3 relevant papers on these issues in language modeling, GANs, and RL:

"Deep Reinforcement Learning that Matters", Henderson et al 2017 https://arxiv.org/abs/1709.06560

"In recent years, significant progress has been made in solving challenging problems across various domains using deep reinforcement learning (RL). Reproducing existing work and accurately judging the improvements offered by novel methods is vital to sustaining this progress. Unfortunately, reproducing results for state-of-the-art deep RL methods is seldom straightforward. In particular, non-determinism in standard benchmark environments, combined with variance intrinsic to the methods, can make reported results tough to interpret. Without significance metrics and tighter standardization of experimental reporting, it is difficult to determine whether improvements over the prior state-of-the-art are meaningful. In this paper, we investigate challenges posed by reproducibility, proper experimental techniques, and reporting procedures. We illustrate the variability in reported metrics and results when comparing against common baselines and suggest guidelines to make future results in deep RL more reproducible.

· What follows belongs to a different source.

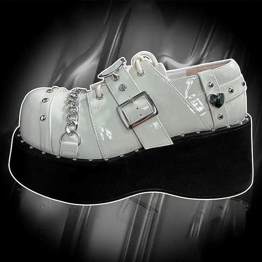 Chain Platform Shoes with Polished White Punk Studded Accents Details

We aim to spur discussion about how to ensure continued progress in the field by minimizing wasted effort stemming from results that are non-reproducible and easily misinterpreted."

"On the State of the Art of Evaluation in Neural Language Models", Melis et al 2017: https://arxiv.org/abs/1707.05589

"Ongoing innovations in recurrent neural network architectures have provided a steady influx of apparently state-of-the-art results on language modelling benchmarks. However, these have been evaluated using differing code bases and limited computational resources, which represent uncontrolled sources of experimental variation. We reevaluate several popular architectures and regularisation methods with large-scale automatic black-box hyperparameter tuning and arrive at the somewhat surprising conclusion that standard LSTM architectures, when properly regularised, outperform more recent models. We establish a new state of the art on the Penn Treebank and Wikitext-2 corpora, as well as strong baselines on the Hutter Prize dataset."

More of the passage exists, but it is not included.